DATA EXTRACTS>
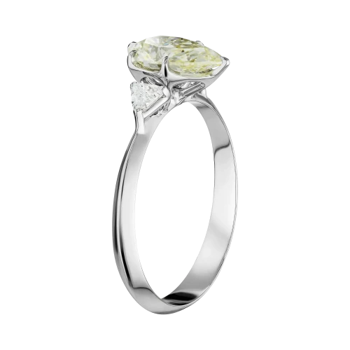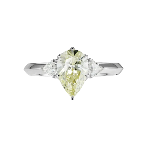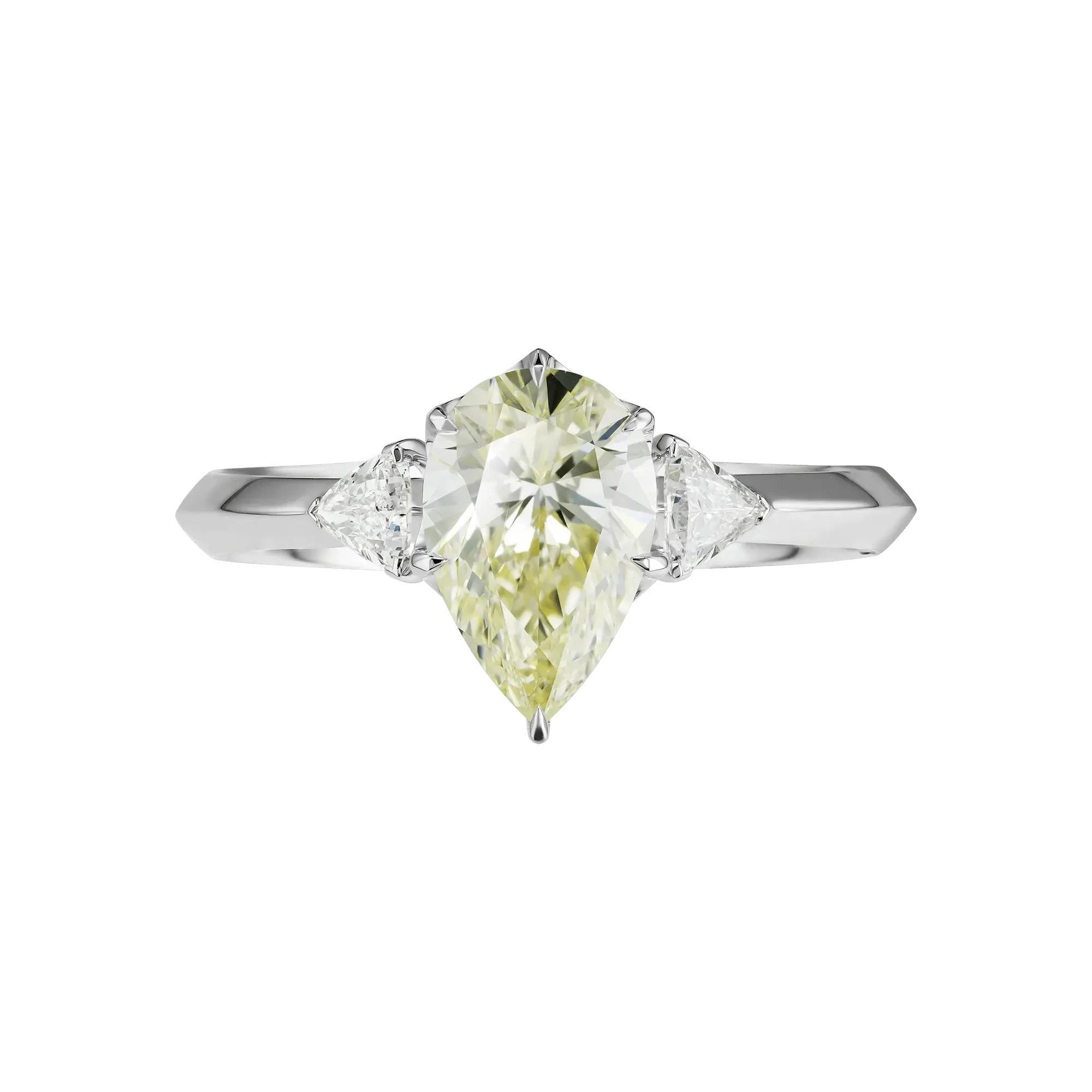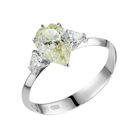 В лаконичном кольце мастера Maxim Demidov отдали центральное место бриллианту каплевидной огранки весом 1,064 карата с тонким лимонным оттенком. Его цвет воспринимается сдержанно и интеллектуально: он не стремится к эффектности, а раскрывается через глубину и чистоту светового потока, задавая всей композиции спокойный и уверенный вектор.
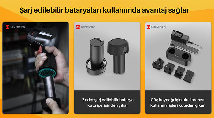 - HIKMICRO M20 serisinin içerisinden çıkan 2 adet değiştirilebilir Li-Ion pil sayesinde kamera yaklaşık 12 saat boyunca kullanılabilmektedir. Bir pil 6 saat boyunca görüntüleme sağlar, iki pil ile toplam 12 saat çalışılabilir.
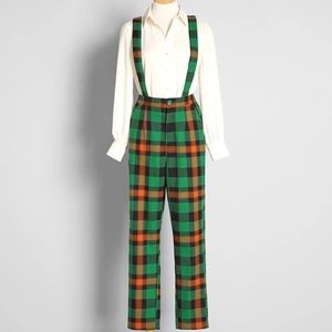 You’ll always be glad you chose plaid when you’re wearing these green plaid pants from our latest collab with UK label Collectif! Made from a smooth, stretchy woven fabric, these high-rise trousers boast a bold, all over checkered plaid pattern in contrasting red and navy blue hues that make this pair a sure-to-be staple in your fall and winter wardrobes. With an elasticized panel at the back waist, and removable suspender straps that are also adjustable, these vintage-inspired ModCloth x Collectif pants offer a tapered, tailored look with an ultra-comfy fit.
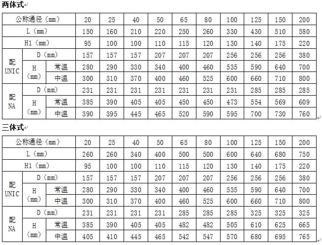 注:公稱壓力、公稱通徑超出列表范圍的產(chǎn)品可與本公司商洽解決
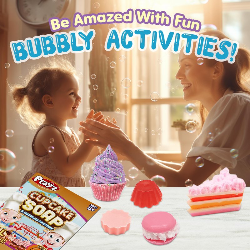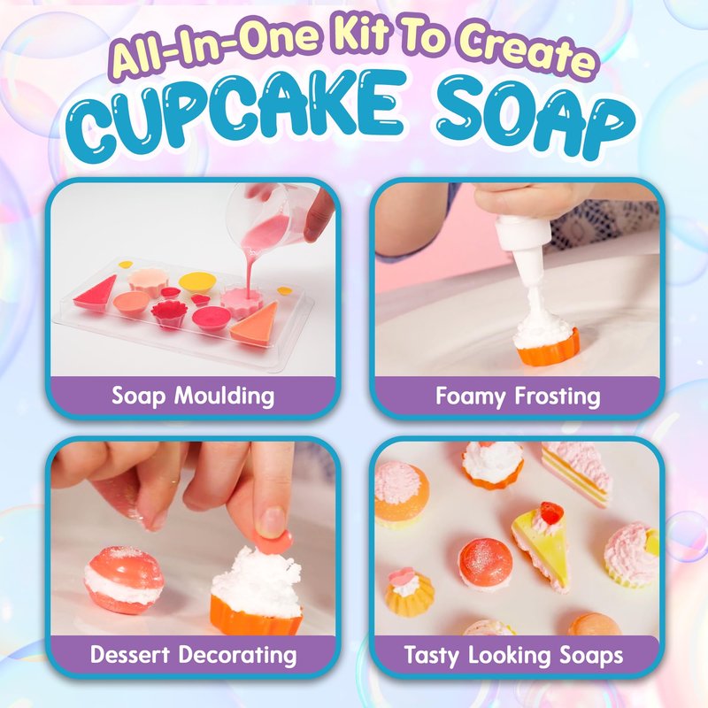 Playz Yummy Cupcake Soap & Bubbles DIY Science Kit - Fun STEM Gift for Age 8, 9, 10, 11, 12 Year Old Girls and Boys - Educational Arts and Crafts for Kids Age 8-12

TASK INSTRUCTIONS> Give back an exact reproduction of the entries, with all pictures excluded.

TASK SOLUTION>
 В лаконичном кольце мастера Maxim Demidov отдали центральное место бриллианту каплевидной огранки весом 1,064 карата с тонким лимонным оттенком. Его цвет воспринимается сдержанно и интеллектуально: он не стремится к эффектности, а раскрывается через глубину и чистоту светового потока, задавая всей композиции спокойный и уверенный вектор.
 - HIKMICRO M20 serisinin içerisinden çıkan 2 adet değiştirilebilir Li-Ion pil sayesinde kamera yaklaşık 12 saat boyunca kullanılabilmektedir. Bir pil 6 saat boyunca görüntüleme sağlar, iki pil ile toplam 12 saat çalışılabilir.
 You’ll always be glad you chose plaid when you’re wearing these green plaid pants from our latest collab with UK label Collectif! Made from a smooth, stretchy woven fabric, these high-rise trousers boast a bold, all over checkered plaid pattern in contrasting red and navy blue hues that make this pair a sure-to-be staple in your fall and winter wardrobes. With an elasticized panel at the back waist, and removable suspender straps that are also adjustable, these vintage-inspired ModCloth x Collectif pants offer a tapered, tailored look with an ultra-comfy fit.
 注:公稱壓力、公稱通徑超出列表范圍的產(chǎn)品可與本公司商洽解決
 Playz Yummy Cupcake Soap & Bubbles DIY Science Kit - Fun STEM Gift for Age 8, 9, 10, 11, 12 Year Old Girls and Boys - Educational Arts and Crafts for Kids Age 8-12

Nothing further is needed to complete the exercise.